For enterprise IT, we're not advocating all-purpose analytic workbenches that demand deep, and expensive, data mining and statistics expertise. Rather, we're recommending that organizations consider a focused analytics suite, such as Hewlett-Packard's Service Health Analyzer, IBM's SPSS-powered Tivoli product, Netuitive's eponymous offering, and systems from the likes of CA and EMC. All these products come with ready-made dashboards, reports, alerts, and key performance indicators set up for IT system and application measurement and prediction.
Just tap into your data sources, tune the dials, and start seeing the future.
Poised For Growth
"Everyone has expected an explosion in 'analytics for IT' for some time," says David Stodder, director of business intelligence research at TDWI (The Data Warehousing Institute). "But from what I see, the usage is still fairly selective." However, embedding analytics in IT management consoles will help get these capabilities into more shops, Stodder says, as not only HP and IBM but also specialized application performance management providers incorporate analytics.
David Menninger, research director at Ventana Research, agrees that adoption of predictive analytics systems--for IT or any other purpose--is still modest. Of the 2,400 organizations in Ventana's Business Analytics benchmark research, only about one in five is using predictive IT analytics.
So most IT organizations have lived just fine without these suites until now. What's changed?
The push toward private clouds and service-oriented IT, combined with an unprecedented number of data sources and the attendant complexity. A highly virtualized infrastructure, big data, and predictive analytics go together. In fact, big, clean, fast-moving flows of real-time information are the lifeblood of predictive IT analytics systems.
Unfortunately, IT hasn't always been good at collecting operational data. In the age of single-server, single-application architectures, infrastructure fragmentation made it prohibitively costly to build data silos filled with accurate transactional information on which to perform analysis. But virtualization and the cloud model have changed everything. Centralization is back, and better than before.

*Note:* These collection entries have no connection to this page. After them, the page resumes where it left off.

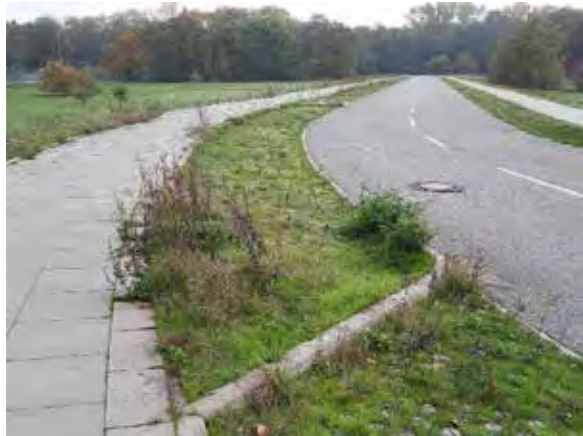
31 Elly-See-Str.: 8 Flächen im Straßenverlauf, Baumallee
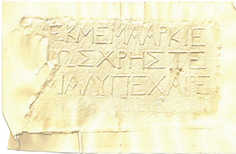
Fig. 1. Stèle funéraire de Decimus Marcius au musée du Louvre (1). Photo de l'estampage de Jean-Paul Rey-Coquais (Archives IGLS, HiSoMA, 2017).
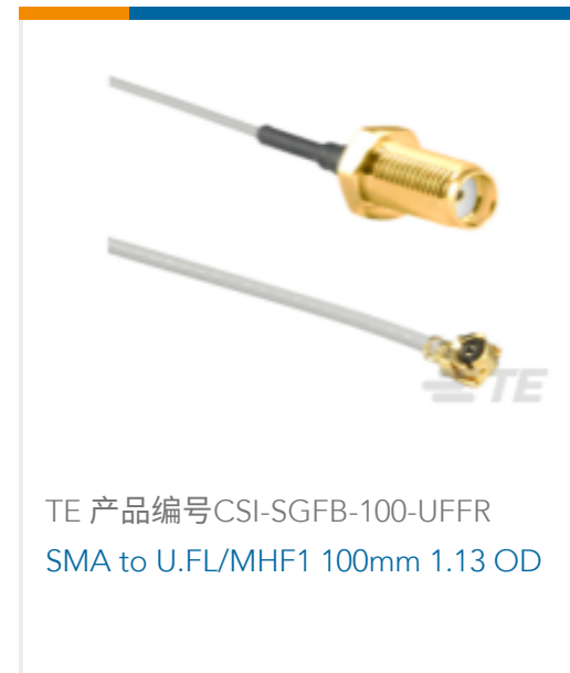
TE 产品编号CSI-SGFB-100-UFFR SMA to U.FL/MHF1 100mm 1.13 OD
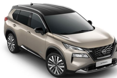
Imagine cu titlu de prezentare: ePOWER Tekna Plus
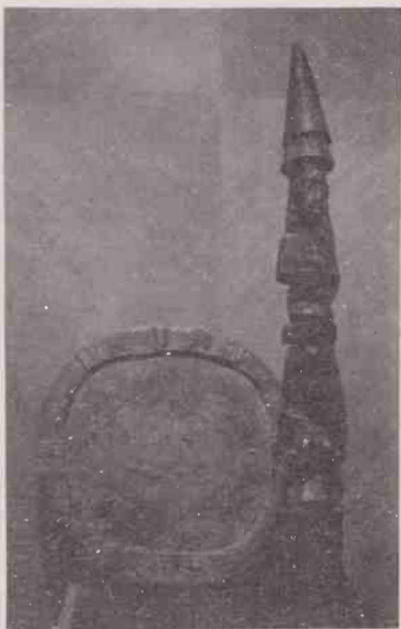
Oponifá, tábua usada no jogo de Ifá, e Ifá Irokê, instrumento de invocação deste orixá.
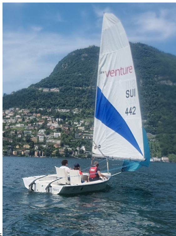
Giro in barca vela con "I Velabili", maggio 2025
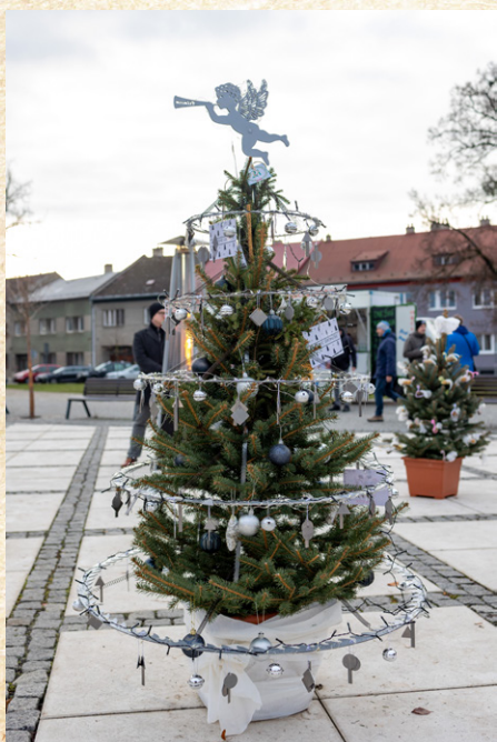
Stromeček od firmy Pilana Wood Hulín byl jednoznačným vítězem
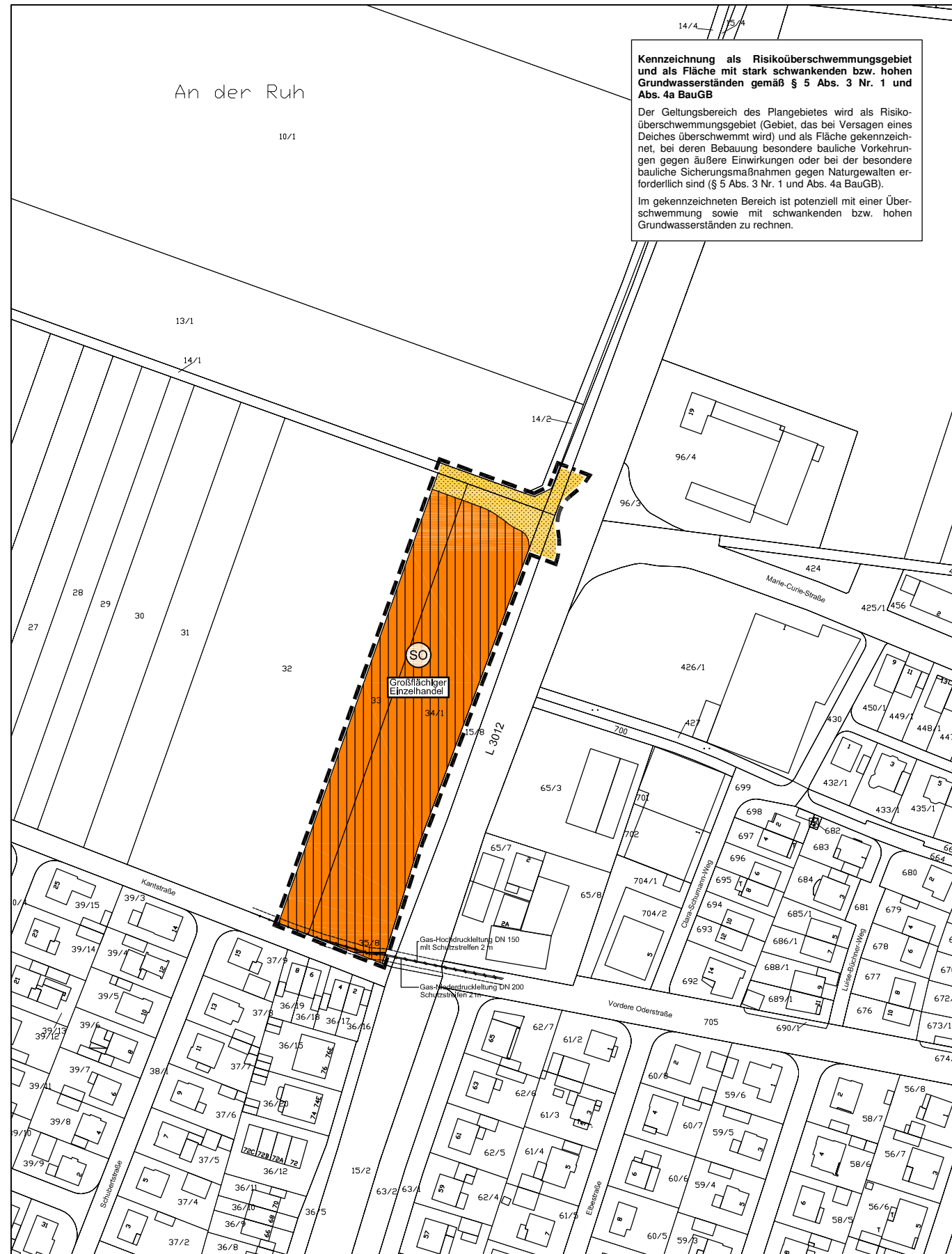
Darstellungen nach der Planzeichenverordnung
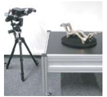
Portabler 3D-Scanner und Drehtisch
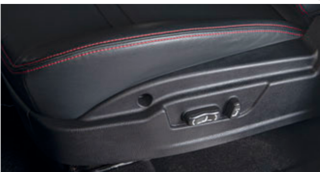
صندلی راننده با تنظیم برقی در ۶ جهت
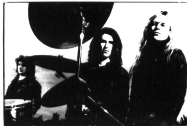
New Model Army im Interview

In dieser Ausgabe findet Ihr Berichte über die SIMPLE MINDS, Martin Eicher, The Silencers sowie Interviews mit FRONT 242, Nitzer Ebb, New Model Army, Cassandra Complex, The Fixx und Phillip Boa. Was wollt Ihr noch mehr? Was? Eine Gratis-Single wird gewünscht? No problem! Carlos Perón's tiefgründig ironische Persiflage auf das Musicbusiness, die Single "A Hit Song" liegt bei.
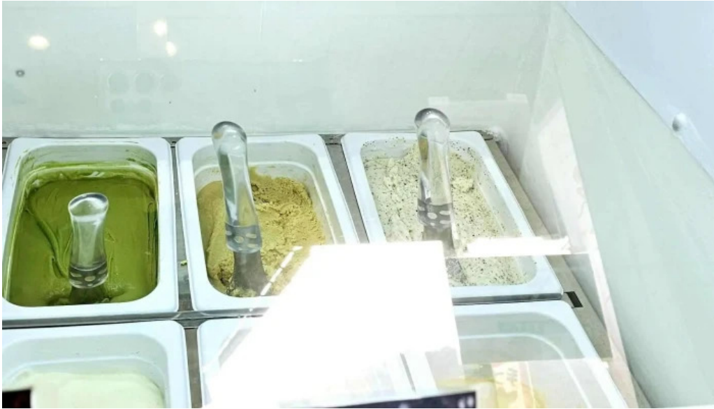
ピッコルツソ comentario 4
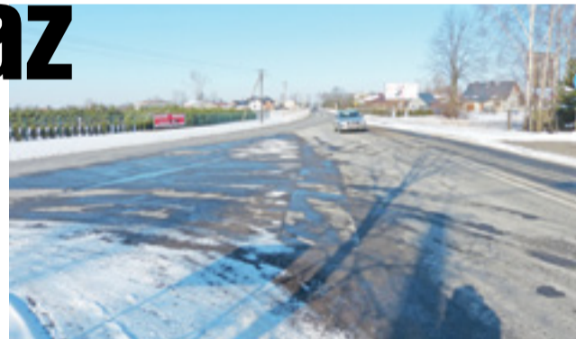
Na tym skrzyżowaniu ulicy Płockiej z Kiernozką i drogą wojewódzka nr 584 będzie trzeba pobudować rondo. Inwestycja może być więc droga.

– Inne zadania inwestycyjne zaangażowały nas teraz technicznie i finansowo, ale ten pomysł nie został wyrzucony do kosza – w odpowiedzi na pytanie o tzw. brukowankę mówi Grzegorz Pełka, naczelnik Wydziału Inwestycji i Remontów w Urzędzie Miejskim w Łowiczu. Głównym powodem nie umieszczenia tej inwestycji w kolejnych kilku budżetach miasta są spodziewane jej wysokie koszty, które mogą przekroczyć 3 mln zł.
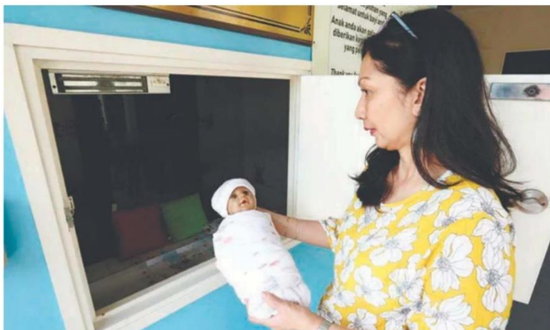
A baby hatch initiative by the OrphanCare Foundation saved 85 babies this year.

“Islam encourages starting this education before children reach sexual maturity. By empowering children and teens to protect themselves from risks, sex education becomes a vital tool for their safety and wellbeing.”
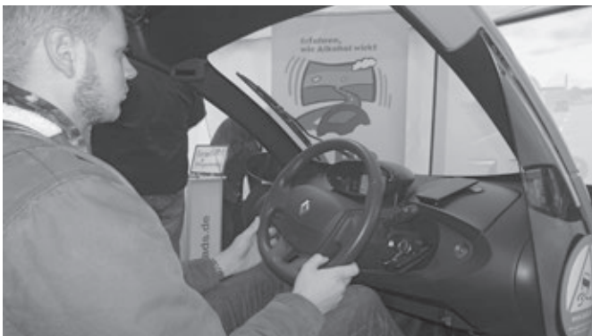
Schüler der Hein-Möller-Schule im Fahr Simulator
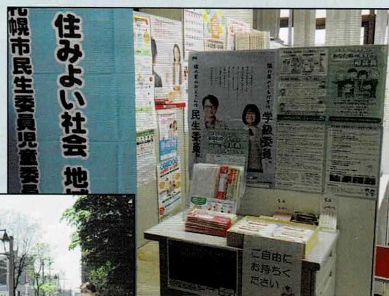
(写真) 活動強化週間の取り組み

毎年5月には「活動強化週間」として活動のPRを行っています。今年度は、イオン札幌元町ショッピングセンター等の店舗や区役所などで実施しました。
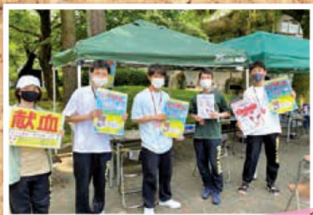
体育会の学生さんに 呼びかけを行っていただきました!
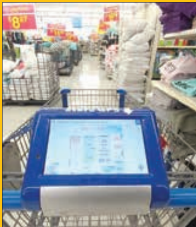
چرخ خرید با جیبی‌اسی برای نمایش نقشه فروشگاه
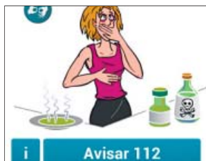
Un dels pictogrames de l'app. 112

Aquest escull la imatge que descriu el seu problema (cremades, marejos, mal de pit...) i la trameta a la central de trucades 112, que recull la localització de l'usuari i d'altres dades rellevants, com l'historial mèdic i la medicació o les persones de contacte. L'app s'ha creat amb l'assessorament tècnic de Telefónica i amb la col·laboració de l'associació de persones sordes FESOCA, que presideix Antonio Martínez Álvarez. Va dirigida a les més de 27.000 perso-
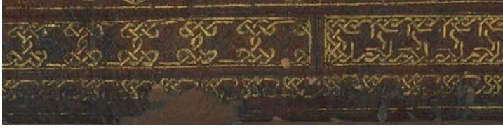
Görsel: 5, Örnek: 1, Fusûlü'l- Bedâyi , 824/1421, TİEM: 1817, Mikleb, Zencirek, Bordür, Detay.

Mikleb kapaklar gibi tam zeminli olarak bezenmiştir. Buradaki bezeme ise kapaklardan farklı olarak ½ simetrlili hatayı grubu motiflerden oluşmaktadır (Görsel: 6).
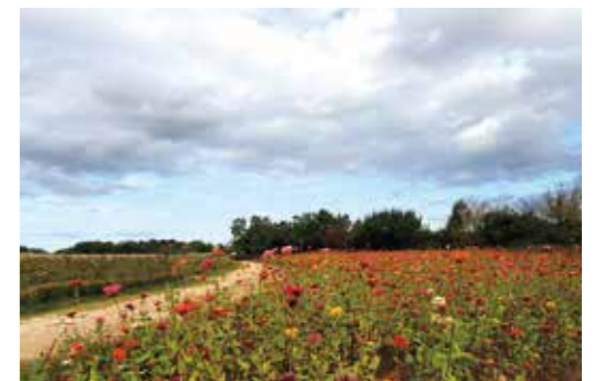
재는 배수시설 증설이 진행 중이다.

인덕산 자연마당은 총면적 18만 2,238㎡(55,000평)에 산철쭉 등 생태복원 식물 28만 3,101본을 식재하고 훼손된 역사군락의 자연천이를 유도하는 등 생태복원작업을 진행해 자연 친화적인 특화공간을 연출했다.

However, a cloud architecture--public, private, or hybrid--also brings complexity, which is the enemy of uptime. And this is the main reason we think predictive analytics will become a must-have for enterprise IT sooner rather than later. Consider that in our most recent InformationWeek Virtualization Management Survey, respondents ranked high availability No. 1 among a dozen features. Similarly, the most-cited driver for private clouds is improved application availability.
Predictive IT analytics can get us to higher availability by helping us cut through the complexity inherent in modern cloud infrastructures, which are built one layer at a time, with each layer dependent on the one before it. This complexity makes it difficult for even experienced network architects to understand the interrelations among infrastructure components. It also makes failures substantially more difficult to troubleshoot. We'd better get a handle on this problem now, because complexity will only increase as enterprises adopt more advanced converged architectures.